** Opening RECORDS SHOWN block **

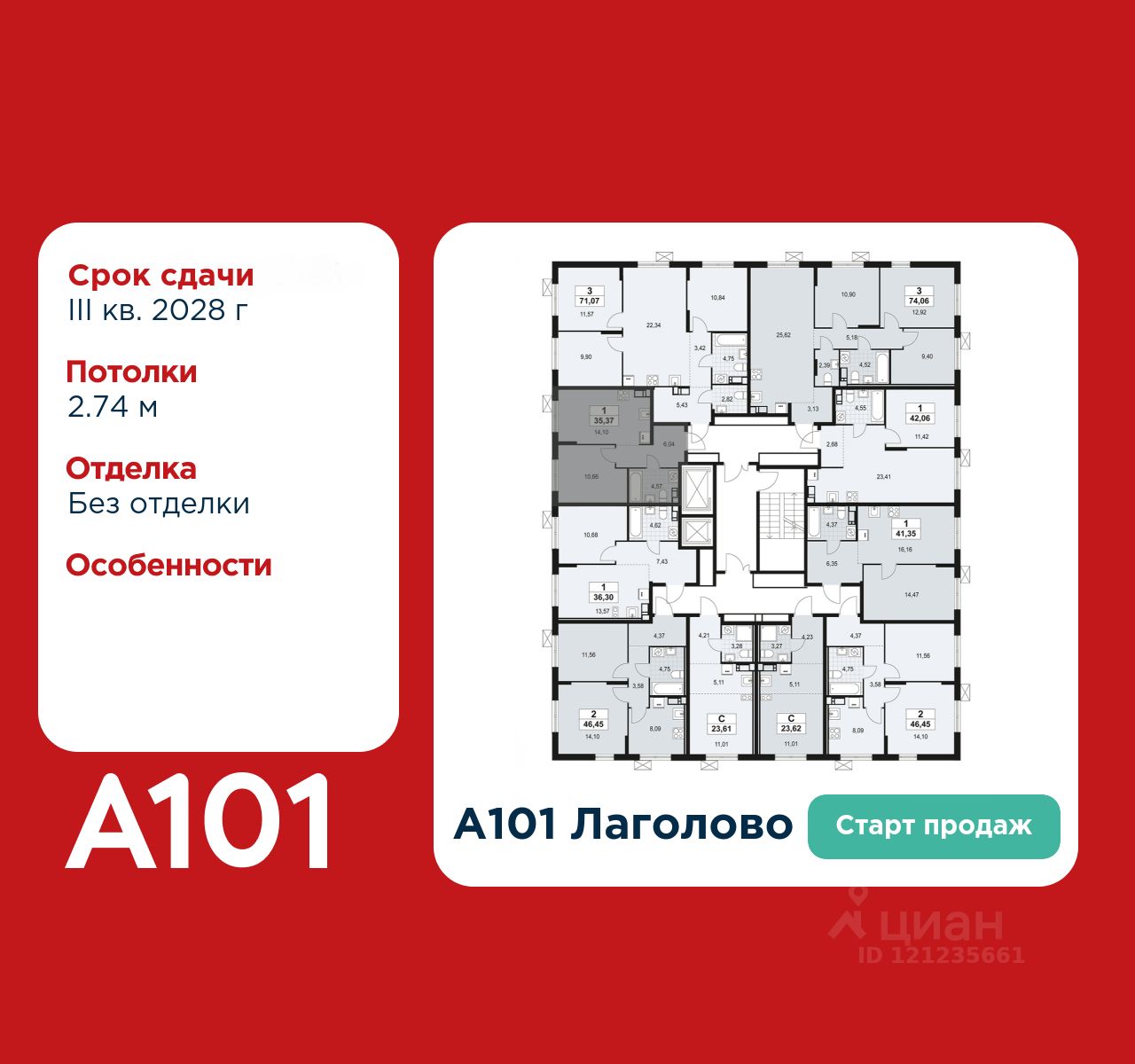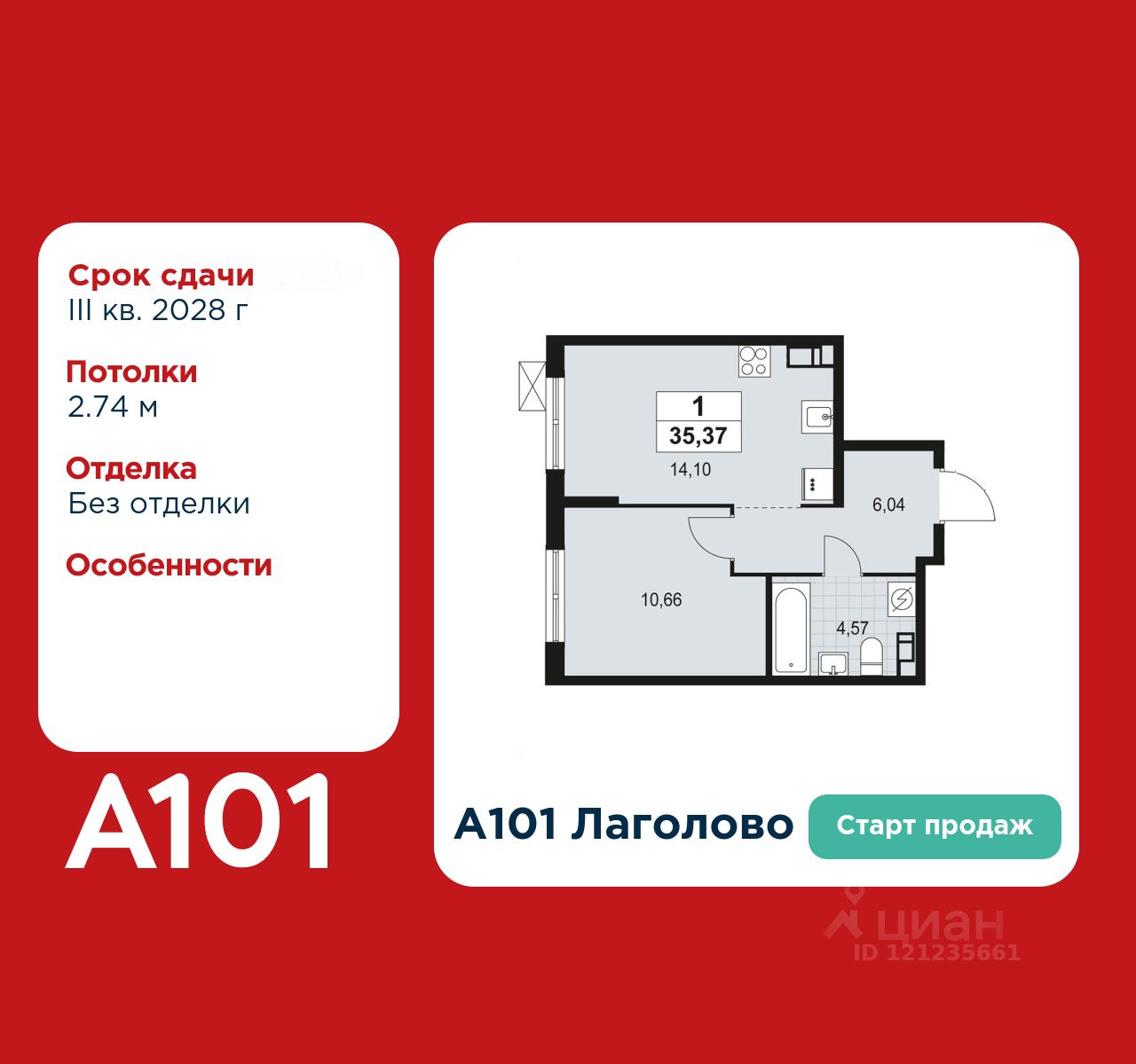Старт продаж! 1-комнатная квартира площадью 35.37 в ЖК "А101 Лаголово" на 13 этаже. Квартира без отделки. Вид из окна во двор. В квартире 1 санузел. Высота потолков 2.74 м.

** Closing RECORDS SHOWN block **
** Opening RECORDS SHOWN block **

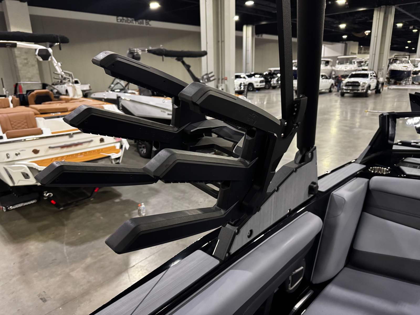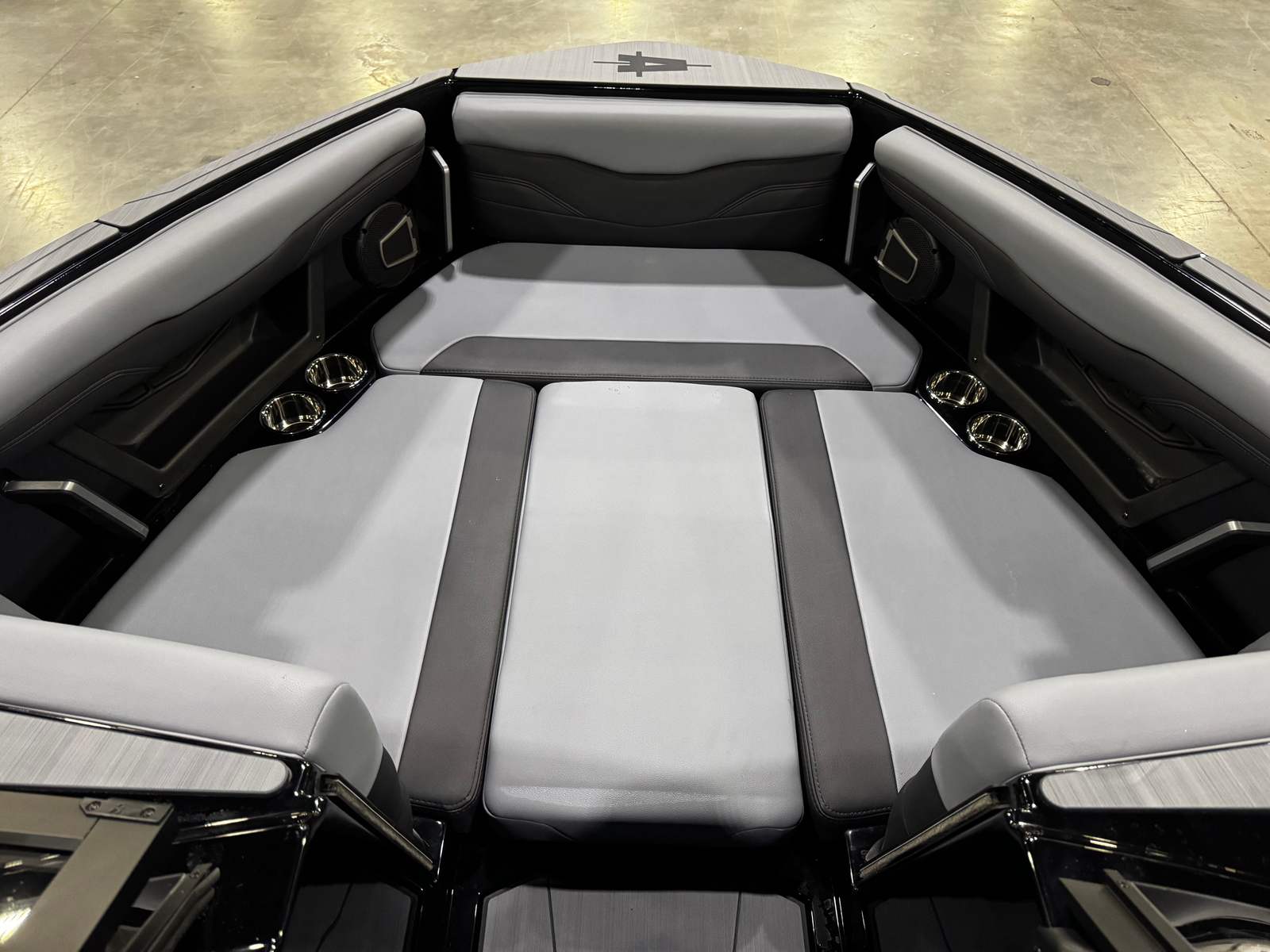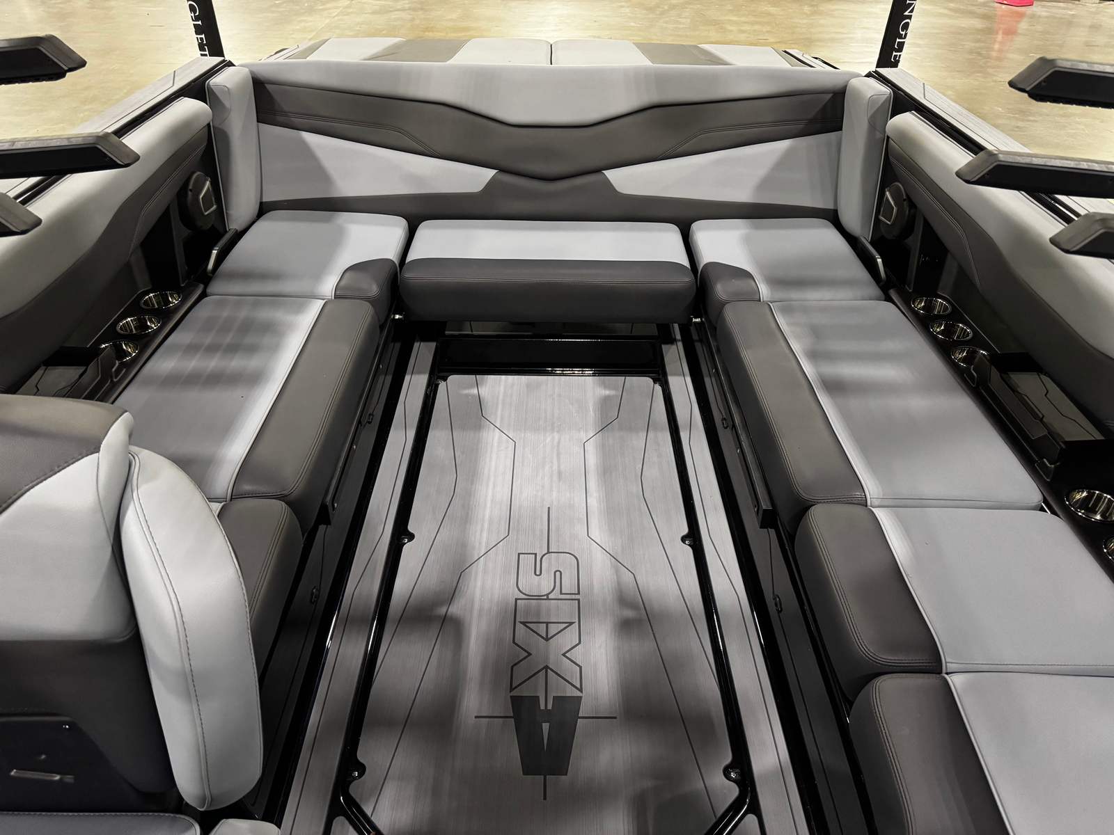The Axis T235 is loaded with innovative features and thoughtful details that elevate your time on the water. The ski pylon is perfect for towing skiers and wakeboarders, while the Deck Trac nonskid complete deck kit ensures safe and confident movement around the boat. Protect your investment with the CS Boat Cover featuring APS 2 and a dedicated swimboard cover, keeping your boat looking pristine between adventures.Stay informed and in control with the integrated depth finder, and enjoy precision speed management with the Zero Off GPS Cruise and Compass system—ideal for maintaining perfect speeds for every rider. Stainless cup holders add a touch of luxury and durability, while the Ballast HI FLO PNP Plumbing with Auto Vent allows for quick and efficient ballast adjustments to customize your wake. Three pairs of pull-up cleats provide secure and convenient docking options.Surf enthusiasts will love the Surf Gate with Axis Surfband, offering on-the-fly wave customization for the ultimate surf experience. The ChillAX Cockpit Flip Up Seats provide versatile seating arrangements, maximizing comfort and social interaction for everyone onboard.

** Closing RECORDS SHOWN block **
** Opening RECORDS SHOWN block **

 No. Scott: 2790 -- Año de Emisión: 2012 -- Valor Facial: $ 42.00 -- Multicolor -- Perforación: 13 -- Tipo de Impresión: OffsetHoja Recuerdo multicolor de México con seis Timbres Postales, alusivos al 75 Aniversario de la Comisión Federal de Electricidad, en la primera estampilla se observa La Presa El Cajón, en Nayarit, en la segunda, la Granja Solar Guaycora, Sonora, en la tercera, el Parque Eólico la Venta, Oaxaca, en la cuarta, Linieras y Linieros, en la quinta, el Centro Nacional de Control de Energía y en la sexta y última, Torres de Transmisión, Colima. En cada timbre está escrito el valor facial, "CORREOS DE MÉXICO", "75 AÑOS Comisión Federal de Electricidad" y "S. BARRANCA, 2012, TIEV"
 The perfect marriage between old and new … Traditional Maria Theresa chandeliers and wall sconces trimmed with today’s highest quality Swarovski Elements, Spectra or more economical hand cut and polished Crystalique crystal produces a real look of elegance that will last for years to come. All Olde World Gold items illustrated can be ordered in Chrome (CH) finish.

** Closing RECORDS SHOWN block **

• WHAT IS NEEDED
Write out, from the lines above, only those from the line with "No. Scott: 2790" to the line with "The perfect marriage", exactly as given, including the first and the last.

• RESPONSE
 No. Scott: 2790 -- Año de Emisión: 2012 -- Valor Facial: $ 42.00 -- Multicolor -- Perforación: 13 -- Tipo de Impresión: OffsetHoja Recuerdo multicolor de México con seis Timbres Postales, alusivos al 75 Aniversario de la Comisión Federal de Electricidad, en la primera estampilla se observa La Presa El Cajón, en Nayarit, en la segunda, la Granja Solar Guaycora, Sonora, en la tercera, el Parque Eólico la Venta, Oaxaca, en la cuarta, Linieras y Linieros, en la quinta, el Centro Nacional de Control de Energía y en la sexta y última, Torres de Transmisión, Colima. En cada timbre está escrito el valor facial, "CORREOS DE MÉXICO", "75 AÑOS Comisión Federal de Electricidad" y "S. BARRANCA, 2012, TIEV"
 The perfect marriage between old and new … Traditional Maria Theresa chandeliers and wall sconces trimmed with today’s highest quality Swarovski Elements, Spectra or more economical hand cut and polished Crystalique crystal produces a real look of elegance that will last for years to come. All Olde World Gold items illustrated can be ordered in Chrome (CH) finish.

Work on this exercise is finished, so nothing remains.